**Exercise requirements:**
Reproduce the data below in full and to the letter, images excepted.

**Data:**
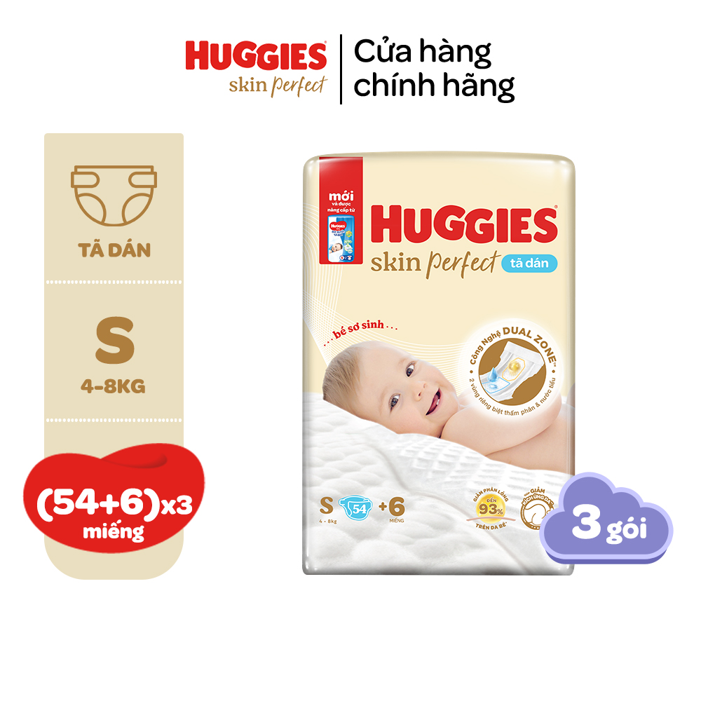 Tã/bỉm dán sơ sinh Huggies Skin Perfect 2 vùng thấm giảm kích ứng da size NB/S tự hào là chiếc tã đầu tiên ở Việt Nam với 2 vùng thấm phân và nước tiểu riêng biệt, giúp hạn chế sự trộn lẫn của phân và nước tiểu, từ đó giảm nguy cơ kích ứng da cho bé. Đây là cải tiến đầu tiên trên thị trường - công nghệ Dual zone, giúp mẹ có sự chăm sóc tốt nhất cho làn da nhạy cảm của con!
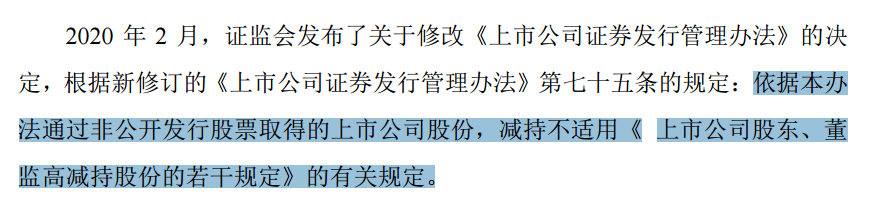 2020年2月,中国证监会修订《上市公司证券发行管理办法》规定,依据本办法通过非公开发行股票取得的上市公司股份,减持不适用减持新规的有关规定。
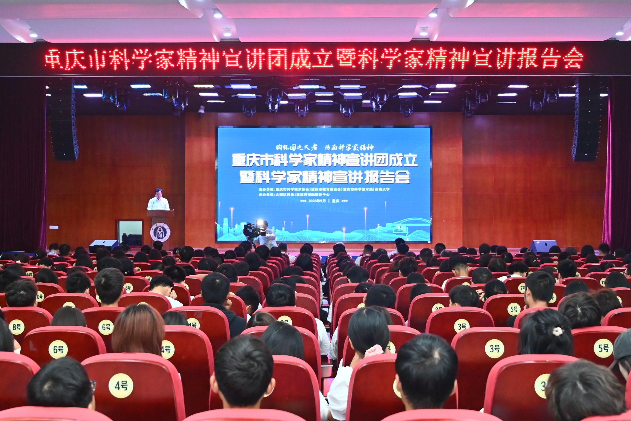 9月27日,重庆市科学家精神宣讲团成立暨科学家精神宣讲报告会在南区学生活动中心举办。重庆市科协党组书记、副主席李雷霆,重庆市科技局党委委员、二级巡视员吴序,市教委二级巡视员谯建,重庆市科协党组成员、副主席谭明星,学校党委书记李旭锋,党委副书记、纪委书记夏玉峰以及科学技术处等有关部门负责人出席会议。

**Result:**
 Tã/bỉm dán sơ sinh Huggies Skin Perfect 2 vùng thấm giảm kích ứng da size NB/S tự hào là chiếc tã đầu tiên ở Việt Nam với 2 vùng thấm phân và nước tiểu riêng biệt, giúp hạn chế sự trộn lẫn của phân và nước tiểu, từ đó giảm nguy cơ kích ứng da cho bé. Đây là cải tiến đầu tiên trên thị trường - công nghệ Dual zone, giúp mẹ có sự chăm sóc tốt nhất cho làn da nhạy cảm của con!
 2020年2月,中国证监会修订《上市公司证券发行管理办法》规定,依据本办法通过非公开发行股票取得的上市公司股份,减持不适用减持新规的有关规定。
 9月27日,重庆市科学家精神宣讲团成立暨科学家精神宣讲报告会在南区学生活动中心举办。重庆市科协党组书记、副主席李雷霆,重庆市科技局党委委员、二级巡视员吴序,市教委二级巡视员谯建,重庆市科协党组成员、副主席谭明星,学校党委书记李旭锋,党委副书记、纪委书记夏玉峰以及科学技术处等有关部门负责人出席会议。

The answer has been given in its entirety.